The Blair Witch Project, In Brief
For those unfamiliar with their film history, The Blair Witch Project is a low budget horror film that helped propel the found footage genre into the mainstream back in the 90’s. While the film was in development, the team at Haxan Films aired a segment for IFC’s Split Screen that presented the core mythos of the film as an earnest historical documentary, presenting the fictional disappearance of the film’s main characters as well as the equally fictional myth of the Blair Witch as if they really happened. The film’s mythos expanded with the release of an in-universe website alongside Curse of the Blair Witch, an expanded feature-length “documentary” that aired on the Sci-Fi Channel. The film’s efforts at blurring the lines between fiction and reality even extended to the filming itself – the actors were taken out into the woods with minimal information of what was to come, subjected to Haxan Films’ “scenario”. Ben Rock’s five-part series for Dread Central on helping create The Blair Witch Project should be required reading for those interested in all the sordid details that led to the film’s Sundance premiere.

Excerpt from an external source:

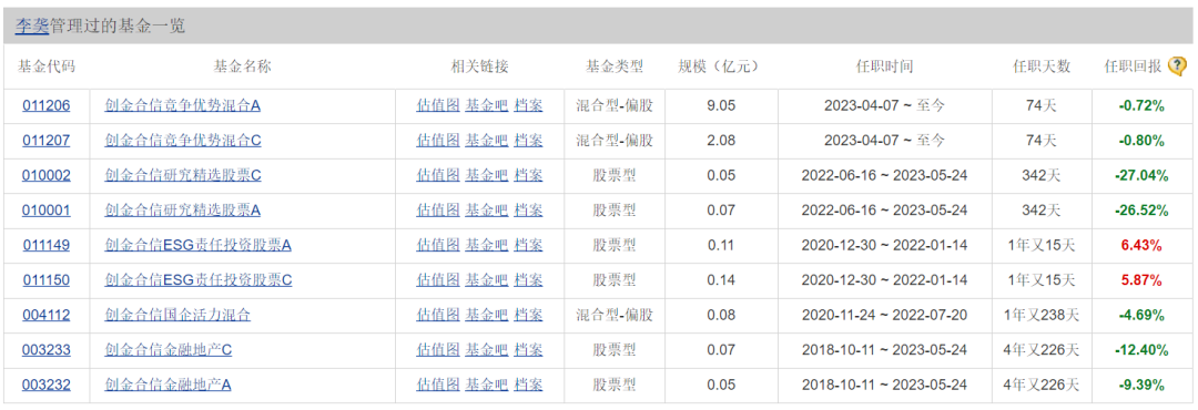 值得注意的是,随着两只产品清盘,目前基金经理李 仅有一只产品在管,即创金合信竞争优势混合。

The Blair Witch Project is getting a modern reboot, and is looking to honor the spirit of The Blair Witch Project by playing around with the often murky line between fact and fiction. It started with the film’s announcement. Initially billed as an Adam Wingard film named The Woods, Lionsgate waited until two months before the film’s release to reveal it was actually Blair Witch, a new installment to the franchise.

On The Absence of Closure
At face value, The Absence of Closure Kickstarter account is a perfectly legitimate campaign for a niche documentary film that never got made. Focusing on coping with loss, the documentary planned on highlighting how three people coped with the disappearance of their loved ones. Adamya’s wife went missing after a boating accident. Beverly’s son was pronounced MIA during Vietnam. And James’ older sister went missing in the woods on a camping trip with two friends.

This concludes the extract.